Mel Energy Computation:
$$S(m) = \sum_{k=0}^{N/2} P(k) \cdot H_m(k)$$
Logarithmic Compression:
$$\log S(m) = \log(S(m))$$
Discrete Cosine Transform (DCT):
$$C(n) = \sqrt{\frac{2}{M}} \sum_{m=0}^{M-1} \log S(m) \cos\left(\frac{\pi n (m + 0.5)}{M}\right)$$
where $M = 26$ is the number of mel filters and $n = 0, 1, …, 12$ for the first $13$ coefficients.
Feature Aggregation:
$$\bar{C}(n) = \frac{1}{T} \sum_{t=0}^{T-1} C_t(n)$$
These 13-dimensional feature vectors are then fed to traditional classifiers including K-Nearest Neighbors, SVM, Decision Tree, and Random Forest. Evaluation is performed through 5-fold stratified cross-validation with randomized hyperparameter search.
Cross-validation results:
Model | Train Accuracy | Test Accuracy |
---|---|---|
KNN | 1.0000 ± 0.0000 | 0.8084 ± 0.0051 |
SVM | 0.9510 ± 0.0032 | 0.8588 ± 0.0103 |
Decision Tree | 0.6098 ± 0.0082 | 0.5255 ± 0.0080 |
Random Forest | 0.9980 ± 0.0001 | 0.7913 ± 0.0097 |
SVM achieves the best test accuracy (~86%) with reasonable training accuracy, indicating good generalization.
You can find the full source code for this approach here.
One-dimensional convolutional neural network on raw audio
The second approach uses a 1D Convolutional Neural Network (CNN) to learn features directly from the raw audio waveform.

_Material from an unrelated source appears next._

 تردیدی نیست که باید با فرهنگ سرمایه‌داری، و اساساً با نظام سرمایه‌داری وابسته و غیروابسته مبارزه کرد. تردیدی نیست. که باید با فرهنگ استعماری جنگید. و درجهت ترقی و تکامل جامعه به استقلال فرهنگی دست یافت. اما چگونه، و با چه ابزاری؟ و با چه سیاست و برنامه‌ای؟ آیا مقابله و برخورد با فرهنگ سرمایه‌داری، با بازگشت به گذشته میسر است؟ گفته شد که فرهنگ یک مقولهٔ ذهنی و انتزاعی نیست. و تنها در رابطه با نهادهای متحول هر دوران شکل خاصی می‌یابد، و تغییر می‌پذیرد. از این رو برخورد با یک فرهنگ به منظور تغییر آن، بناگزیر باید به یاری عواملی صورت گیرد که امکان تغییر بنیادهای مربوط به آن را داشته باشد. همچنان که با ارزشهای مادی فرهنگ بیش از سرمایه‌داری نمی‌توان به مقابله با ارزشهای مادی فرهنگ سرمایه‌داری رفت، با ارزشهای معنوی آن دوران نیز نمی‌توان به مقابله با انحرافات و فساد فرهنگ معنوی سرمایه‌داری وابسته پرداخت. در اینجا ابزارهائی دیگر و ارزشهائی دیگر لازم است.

The architecture consists of two convolutional blocks followed by a fully connected classifier. The first convolutional layer uses a single filter with kernel size 128 to capture broad temporal patterns in the 300 ms audio segments, followed by max pooling with stride 32. The second layer applies 8 filters of size 64 to extract more complex hierarchical features, again followed by max pooling. The resulting feature maps are flattened and fed to a dense output layer with 27 neurons (one per key class).
Despite its simplicity, with only 3,268 parameters, this lightweight architecture achieves 95% validation accuracy across all keystroke classes.

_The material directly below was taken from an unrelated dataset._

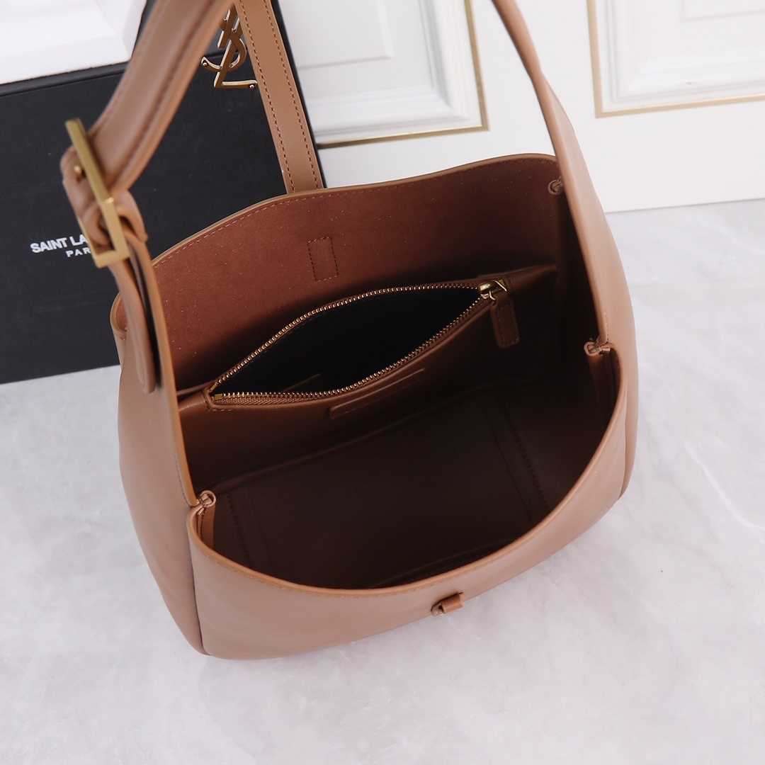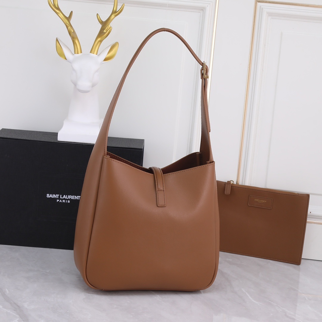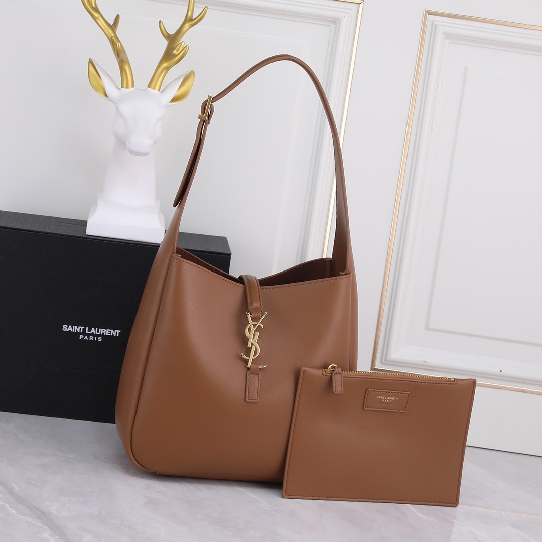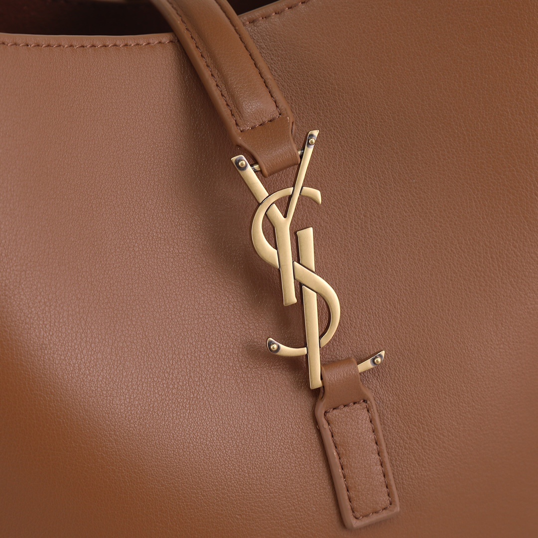 This elegant Yves Saint Laurent tote bag is crafted from premium brown leather, making it a versatile accessory for any occasion. The iconic YSL logo adds a touch of luxury, while the spacious interior provides ample room for your essentials.

You can find the full source code here.
Feedforward neural network on frequency spectrum
In this approach, raw audio signals are transformed into the frequency domain using the Fast Fourier Transform (FFT), converting each 300 ms keystroke sample into a 3,307-dimensional vector representing the spectral magnitude.

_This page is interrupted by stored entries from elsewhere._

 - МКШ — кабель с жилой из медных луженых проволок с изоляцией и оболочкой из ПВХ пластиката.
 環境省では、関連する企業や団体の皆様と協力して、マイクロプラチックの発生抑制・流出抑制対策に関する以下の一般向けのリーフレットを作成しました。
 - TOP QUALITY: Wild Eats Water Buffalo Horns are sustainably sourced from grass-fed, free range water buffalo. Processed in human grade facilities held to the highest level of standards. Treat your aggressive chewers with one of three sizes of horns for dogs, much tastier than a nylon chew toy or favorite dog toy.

These high-dimensional vectors are passed through a fully connected neural network consisting of:
- A dense layer with 32 ReLU-activated neurons,
- A dropout layer (rate 0.5) to reduce overfitting,
- A final output layer with 27 neurons corresponding to each keystroke class.
Despite its shallow structure and modest parameter count (106,747 trainable weights), this model achieves 96.5% validation accuracy.
You can find the full source code here.
Conclusion
This project demonstrates that keystroke classification from audio is a highly feasible task using a variety of machine learning techniques. These results highlight the potential security and privacy implications of acoustic side-channel attacks.